DIRECTIONS
Please return exactly the lines from the beginning of the listing up to and including the line with "乐天使研究生高富、姜丰懿分别", with no pictures.

___ GIVEN INFORMATION

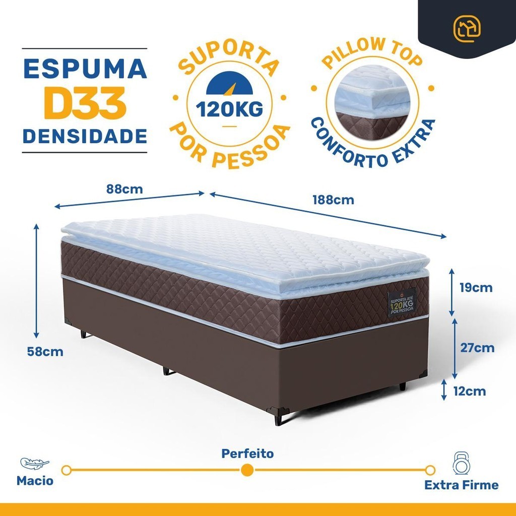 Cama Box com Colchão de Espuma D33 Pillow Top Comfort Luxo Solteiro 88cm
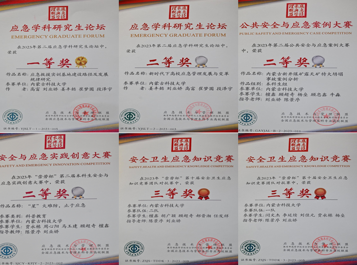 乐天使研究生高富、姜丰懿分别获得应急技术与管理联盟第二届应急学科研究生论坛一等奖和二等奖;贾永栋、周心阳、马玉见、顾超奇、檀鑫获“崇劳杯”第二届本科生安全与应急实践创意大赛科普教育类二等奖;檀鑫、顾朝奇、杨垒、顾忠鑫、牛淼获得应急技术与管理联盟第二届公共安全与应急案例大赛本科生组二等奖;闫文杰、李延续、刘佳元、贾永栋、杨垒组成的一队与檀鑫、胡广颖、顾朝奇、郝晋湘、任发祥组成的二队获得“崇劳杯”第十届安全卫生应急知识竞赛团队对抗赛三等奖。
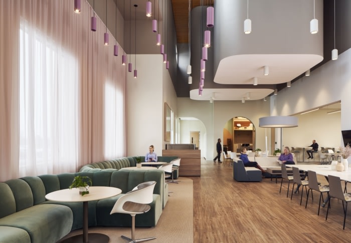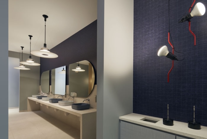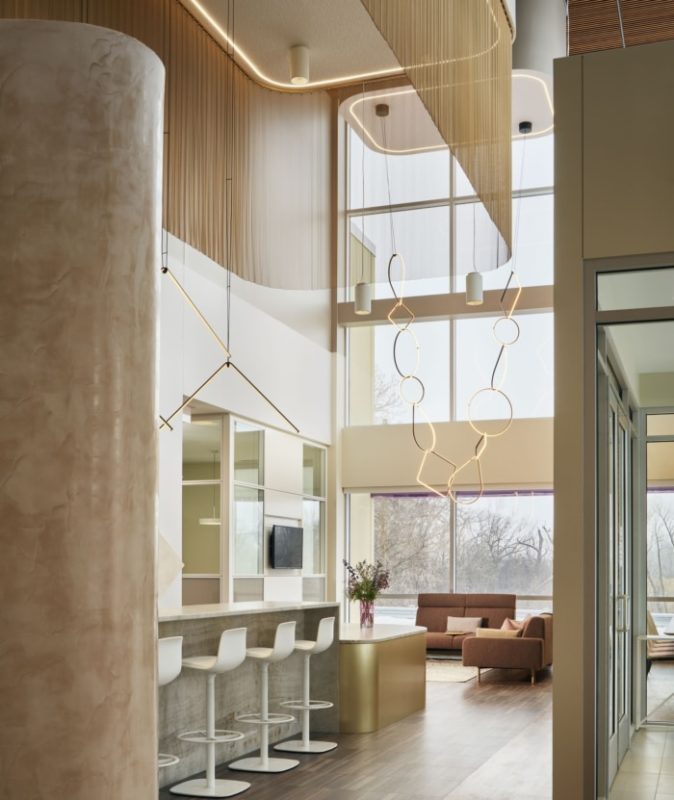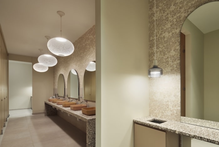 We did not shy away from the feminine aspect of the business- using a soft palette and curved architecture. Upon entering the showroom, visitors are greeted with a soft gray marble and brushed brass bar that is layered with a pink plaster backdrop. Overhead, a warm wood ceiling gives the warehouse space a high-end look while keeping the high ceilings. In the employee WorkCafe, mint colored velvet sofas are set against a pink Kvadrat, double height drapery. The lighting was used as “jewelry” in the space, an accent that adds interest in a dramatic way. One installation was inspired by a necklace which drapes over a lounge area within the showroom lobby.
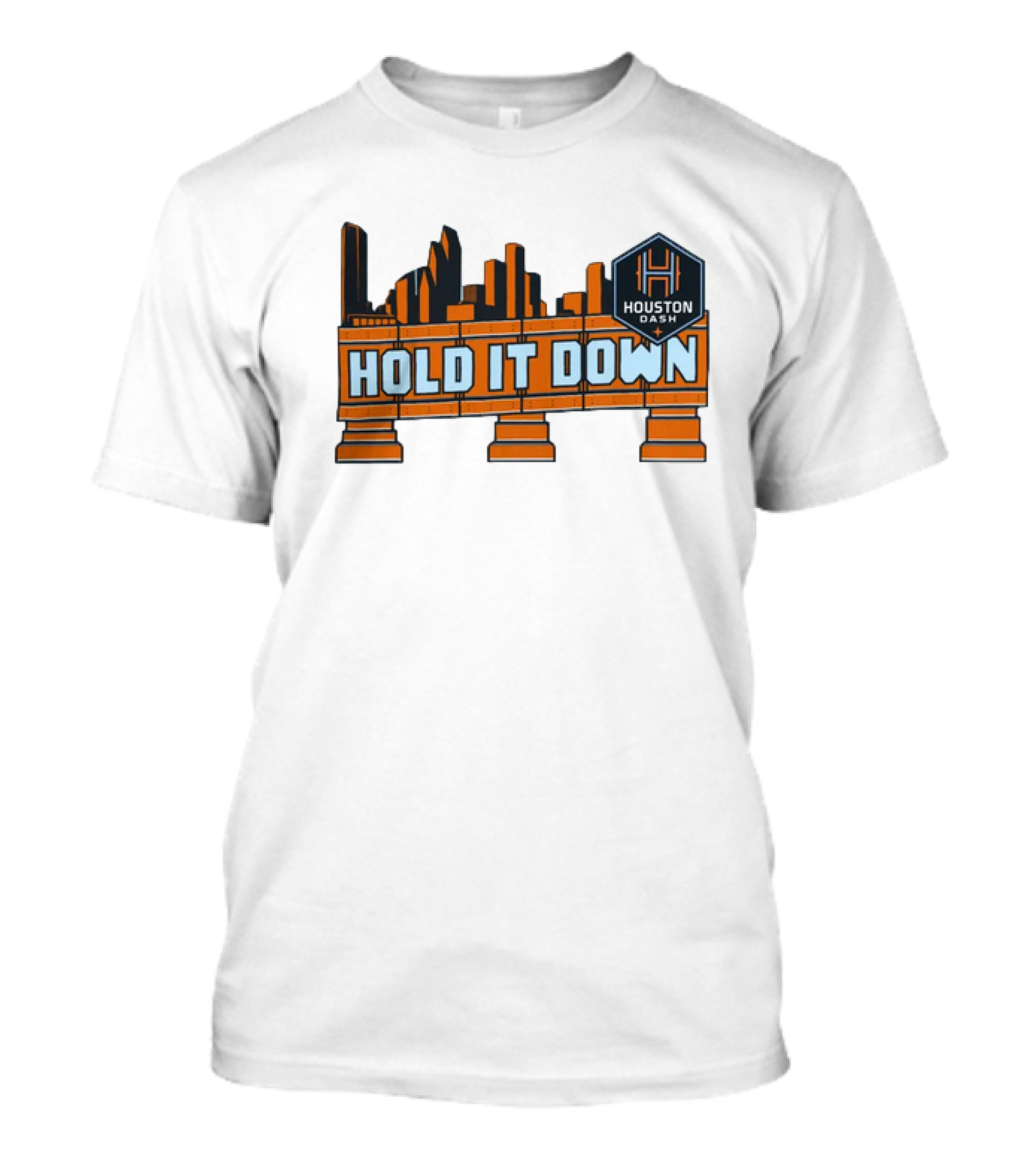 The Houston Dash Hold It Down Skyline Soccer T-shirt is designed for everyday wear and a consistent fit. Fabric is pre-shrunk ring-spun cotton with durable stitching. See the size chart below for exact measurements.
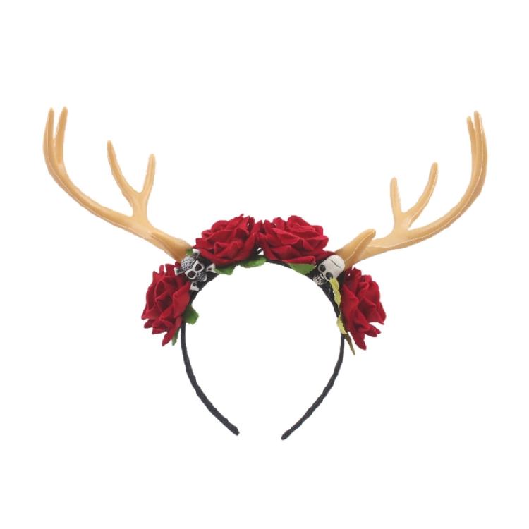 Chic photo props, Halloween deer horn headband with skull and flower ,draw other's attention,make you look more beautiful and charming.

______

RESULT OF THIS TASK
 Cama Box com Colchão de Espuma D33 Pillow Top Comfort Luxo Solteiro 88cm
 乐天使研究生高富、姜丰懿分别获得应急技术与管理联盟第二届应急学科研究生论坛一等奖和二等奖;贾永栋、周心阳、马玉见、顾超奇、檀鑫获“崇劳杯”第二届本科生安全与应急实践创意大赛科普教育类二等奖;檀鑫、顾朝奇、杨垒、顾忠鑫、牛淼获得应急技术与管理联盟第二届公共安全与应急案例大赛本科生组二等奖;闫文杰、李延续、刘佳元、贾永栋、杨垒组成的一队与檀鑫、胡广颖、顾朝奇、郝晋湘、任发祥组成的二队获得“崇劳杯”第十届安全卫生应急知识竞赛团队对抗赛三等奖。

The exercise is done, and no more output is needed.